:: Your task ::
So that the copy stays text only, transcribe the data below exactly and exclude the images.

--

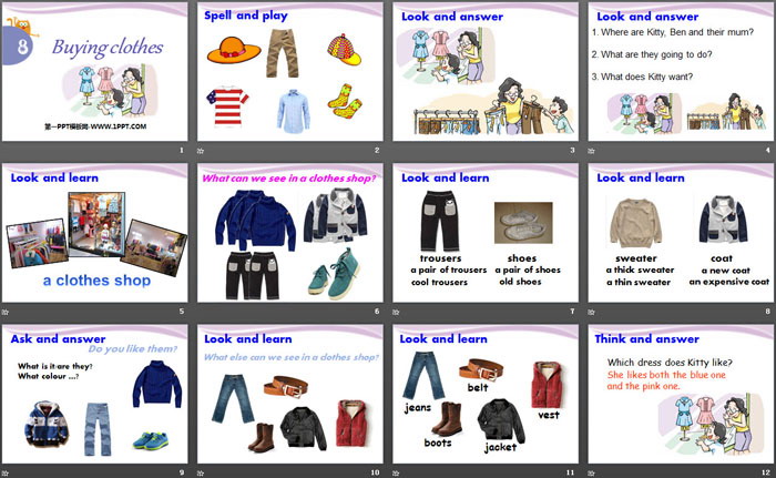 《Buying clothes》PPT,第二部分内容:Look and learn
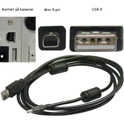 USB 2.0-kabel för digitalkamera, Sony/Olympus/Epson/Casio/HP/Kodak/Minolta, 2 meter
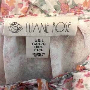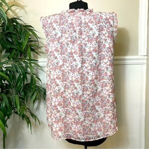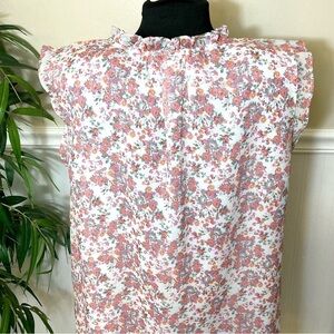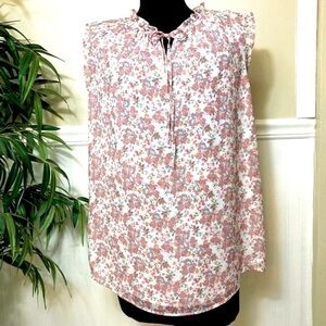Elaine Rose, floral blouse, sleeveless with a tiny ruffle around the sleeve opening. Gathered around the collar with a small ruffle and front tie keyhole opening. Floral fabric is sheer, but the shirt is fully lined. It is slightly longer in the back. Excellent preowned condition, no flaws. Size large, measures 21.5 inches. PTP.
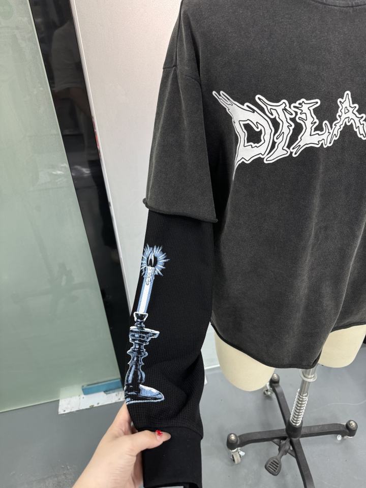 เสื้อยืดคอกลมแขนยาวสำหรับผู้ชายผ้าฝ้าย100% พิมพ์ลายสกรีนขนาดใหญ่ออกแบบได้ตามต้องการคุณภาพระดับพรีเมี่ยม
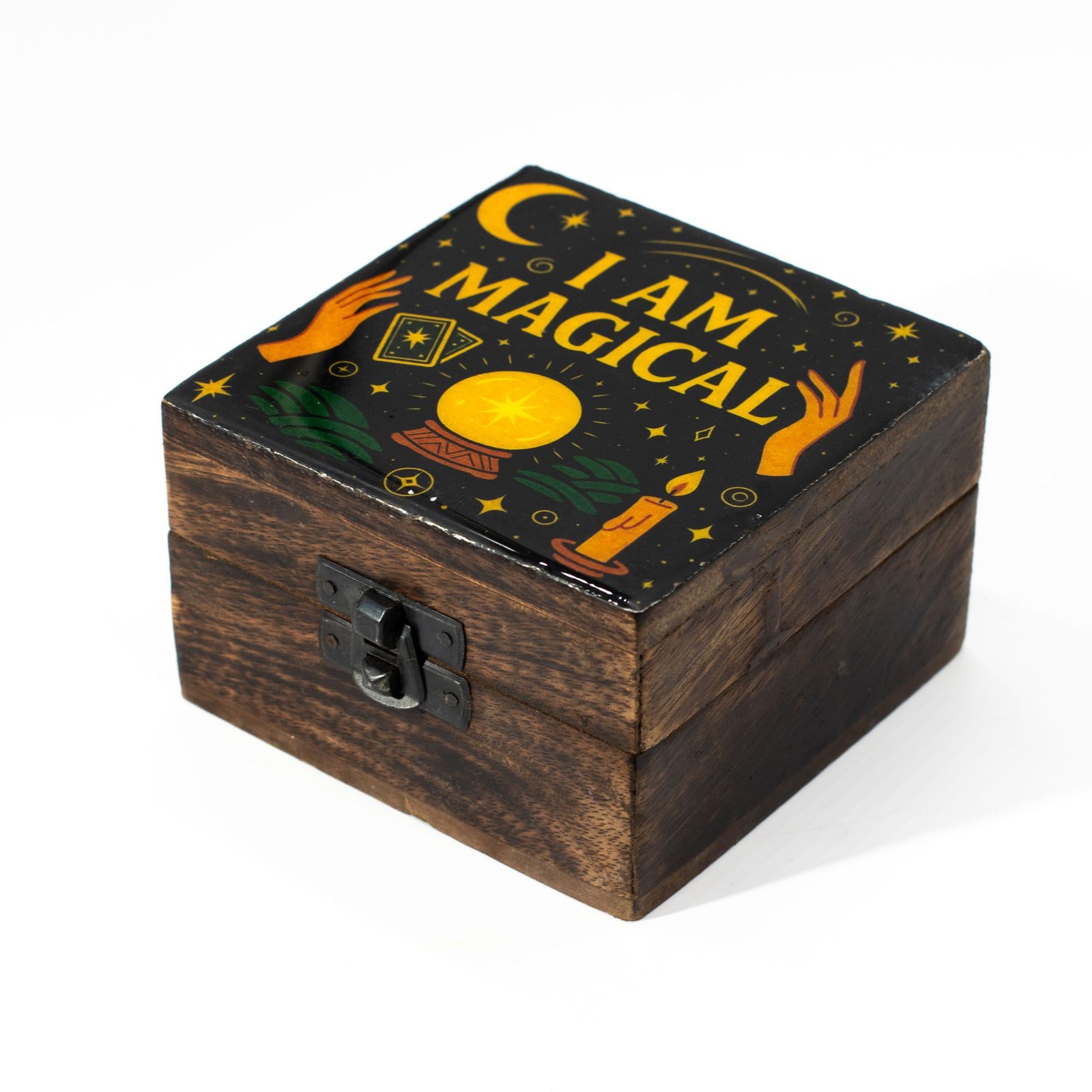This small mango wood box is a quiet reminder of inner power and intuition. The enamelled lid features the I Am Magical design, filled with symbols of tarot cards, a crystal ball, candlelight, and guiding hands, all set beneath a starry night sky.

--

:: Answer box ::
 《Buying clothes》PPT,第二部分内容:Look and learn
 USB 2.0-kabel för digitalkamera, Sony/Olympus/Epson/Casio/HP/Kodak/Minolta, 2 meter
Elaine Rose, floral blouse, sleeveless with a tiny ruffle around the sleeve opening. Gathered around the collar with a small ruffle and front tie keyhole opening. Floral fabric is sheer, but the shirt is fully lined. It is slightly longer in the back. Excellent preowned condition, no flaws. Size large, measures 21.5 inches. PTP.
 เสื้อยืดคอกลมแขนยาวสำหรับผู้ชายผ้าฝ้าย100% พิมพ์ลายสกรีนขนาดใหญ่ออกแบบได้ตามต้องการคุณภาพระดับพรีเมี่ยม
This small mango wood box is a quiet reminder of inner power and intuition. The enamelled lid features the I Am Magical design, filled with symbols of tarot cards, a crystal ball, candlelight, and guiding hands, all set beneath a starry night sky.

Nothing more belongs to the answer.